I’m picking on MSNBC because I happened to be watching them this morning; obviously, they’re hardly alone. The high-minded thing to say would be that the media should ignore this altogether and focus on more important issues. The fact is, though, that it would be news if a campaign were having surrogates make racially charged statements at the opposition, or if a campaign were deliberately inflating statements by the other side into prejudiced statements.

If. But it would be nice for the political press to remember how big those ifs are and allocate their airtime and news holes accordingly. That’s dreaming, I suppose. And I suppose, given that this kind of controversy is crack for the news media, and given that a woman and a black man are contending for a nomination, it was silly to think this wouldn’t happen eventually. Well, it has metastasized now. (In the meantime, a close Republican race–bringing attention to my home state of Michigan–is getting short shrift.)

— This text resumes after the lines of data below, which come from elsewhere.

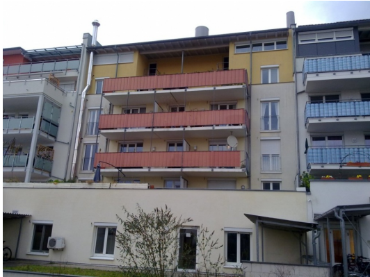
2010_11_24_R 41 Balkone - Kopie
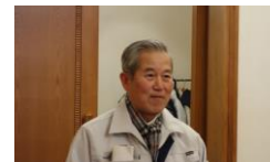
仲島会員からのご紹介

〔ご略歴〕 金沢生まれ 金沢東山育ち 金沢市内を中心に能登・金沢・加賀の民話を語り部として伝承中 篠笛や洋楽とのコラボレーションも企画
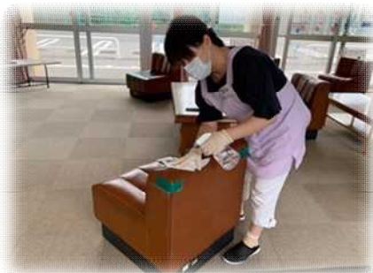
念入りに消毒作業

定期的な消毒作業も実施されており、感染防止に力を入れていることがよくわかります。今後の運営についても、より安心して利用ができるように計画されているということです。
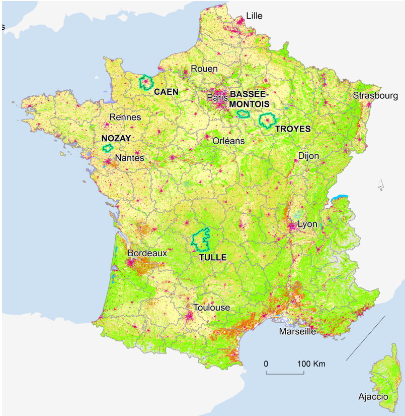
CARTE 2 : DES TERRITOIRES PÉRIURBAINS (CF OUVRAGE, LE PÉRIURBAIN, ESPACE À VIVRE, P. 13)
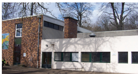
ESAT La Montagne
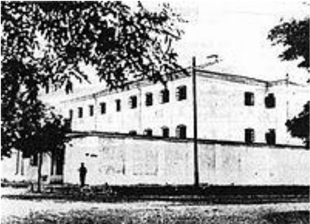
Вид Ковельської повітової тюрми в 30-х роках ХХ ст.

На початок 1879 року в Ковельській повітовій тюрмі залишалась в ув'язненні – 71 особа, прибуло протягом 1879 року – 484 арештанти, вибуло – 453, залишилось в ув'язненні на початок 1880 року – 102 особи. В загальній кількості арештантів нараховувалось: 7 неповнолітніх та 2 політичних в'язні [226, арк. 56].

The optimistic take is that this is the moment where the media, the spin doctors, the surrogates–all of them with their Offense-o-Meters dialed to 11–get it out of their system, that the story gets so overplayed that any later attempt to bring it up in the campaign will raise the embarrassing memory of how nuts we went back in January. Ben Smith at Politico, for instance, writes about how some people have begun to claim a Hillary Clinton remark about “spadework” was racist–“some people” including Rush Limbaugh, who, of course, only wants the best for any eventual Democratic nominee. Maybe we just need to sweat this out like a fever brought to crisis.

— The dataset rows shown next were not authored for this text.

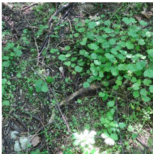
Foto af unge planter af kæmpe-bjørneklo
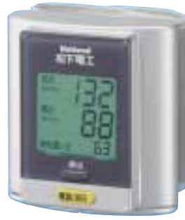
ナショナル 一体型手くび血圧計 EW3030P ¥11,700
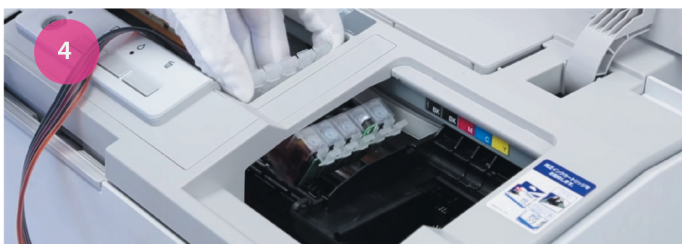
Установка СНПЧ. Рис. 4

4 После этого переместите каретку в крайнее правое положение, блок картриджей проденьте под планкой корпуса (рис. 4). Передвиньте каретку немного левее.

Dreaming again, I imagine. Given how the media is held hostage to news pegs, next Monday’s observation of MLK Day is bound to keep the story at least somewhat alive a week from today. (I wish that were a joke.) And Black History Month is just around the corner. (Wish that were a joke as well.) March, summer, the general election: there will always be reasons.

As long as we’re dreaming, let’s hope that we at least see some subtlety in the coverage of the controversy, if we’re going to have to have it. As I wrote about the Hillary choking-up incident, the media tends to dualize controversies too much: the truth must be either one thing or its opposite. Hillary must have been either wholly genuine or wholly calculated. A campaign’s acts must be either meticulously planned and scripted, or they must be coincidental and innocent. Here, a statement must either be racist (or sexist) or unobjectionable.

It’s the hate-crime approach to political discourse: the focus becomes all about divining the intent of the speaker, rather than the injuriousness of the act. It’s possible, for instance, that a remark could be not bigoted but simply sleazy. (Not to try to referee this particular one, but the fact that the African American media executive Bob Johnson has been called part of a pattern of racist surrogate remarks should make us conscious that this is not so, well, black and white as the media inevitably paint it.)

However this episode plays out, it’s getting depressing. There are actual political problems out there, after all. But the coverage of this campaign is starting to look like 1988: lurching from one hot button to another, from flag factory to tank ride to Willie Horton. That’s one bridge back to the 20th century I was hoping we could bypass.